The North Channel is very similar to the 1000 islands in Lake Ontario. Navigation is tricky and we are on alert for several hours as there are a LOT of rocks and small rocky islands. The islands range in size from very large (a few miles) to just a few rocks and a tree. Some islands even have houses on them. We learned years ago on Lake Ontario that if the chart says “2” in the middle of a wide open space, there really is a rock 2 feet under the water. And yes, we hit that rock. But that is another story.
The scent as we wander through these islands is magnificent. The aroma of pine and spruce along with a hint of vanilla and wood smoke from campfires lingers and drifts through the air allowing me to reminisce about my days at camp in the woodsy hills of New Hampshire. That smell is truly the best in the world and so very calming.
Our first stop will be Medlum Bay. As we approach the Bay we call to find out how we check into Canada.

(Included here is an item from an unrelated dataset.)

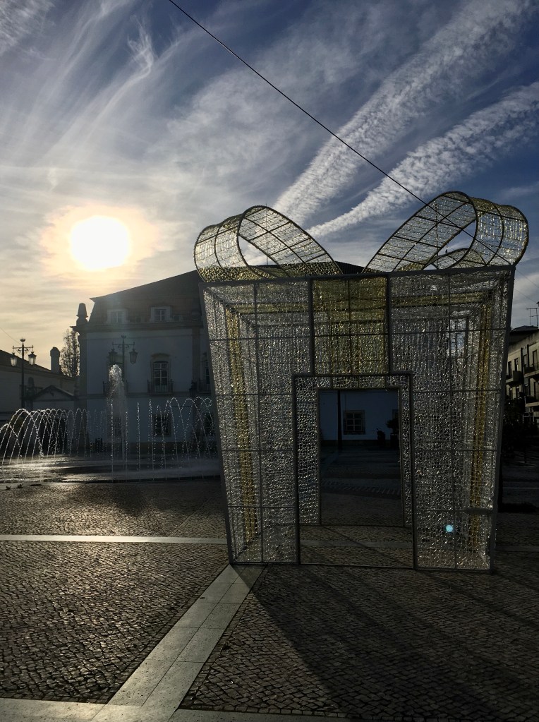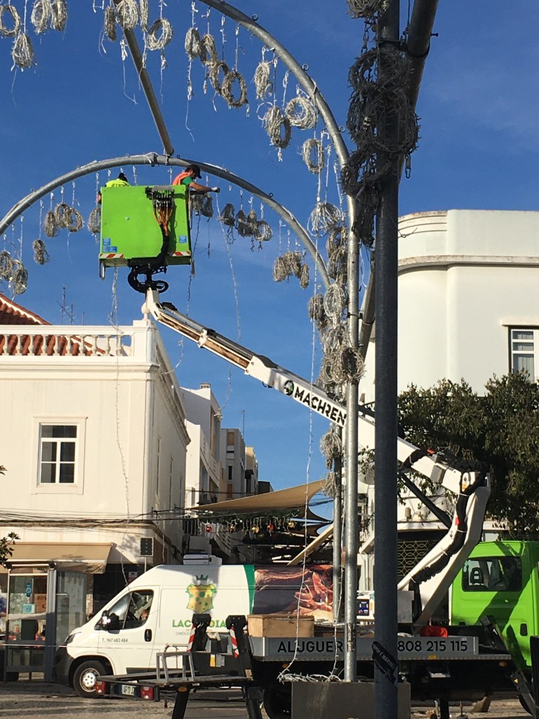 Myös Portimãon kaupunki valmistautuu jouluun. Monille kaduille, kaupungintalon aukiolle ja Alamedalle ainakin rakennetaan kovaa kyytiä taas jotain kaunista valaistusta ja koristelua. Kun olin matkalla kässäkerhoon, kävelin Rua do Comerciaa, siis kävelykatua, pitkin, ja kaiuttimista soi Jouluyö, juhlayö ja muita joululauluja. Aurinko paistoi, ja tunnelma oli lämmin. Tuli hyvä mieli. Alamedalle myös pystytetään jokajouluinen luistelurata, ihan oikeaa tekojäätä ja Mon aukiolle oli seimeä varten tänään jo tuotu eläimiä.

You are not allowed to step onto land or anchor until your boat has been fully checked in. We learn we have to tie up to a wall, call from a phone in a closet, and we are good to go. Easy! We then cast off to anchor a few hundred yards out. A very nice and quiet bay.
We wake up the next morning to the sounds of… cows? So says Shawn but I say frogs. Since neither is visible it is a moot point. Shawn is always on the lookout for loons and swears he has seen several. But then he asks me what they look like. Hmmm…
The view early in the morning was so serene. We know we are going to like it here.
I cannot take credit for this photo. Shawn neglected to wake me up in time and he took this photo of Medlum Bay with his cell phone. Not a bad shot!
We make a few repairs and get ready to cast off. We are off to the Benjamins, the one place that everyone recommends as a must-see.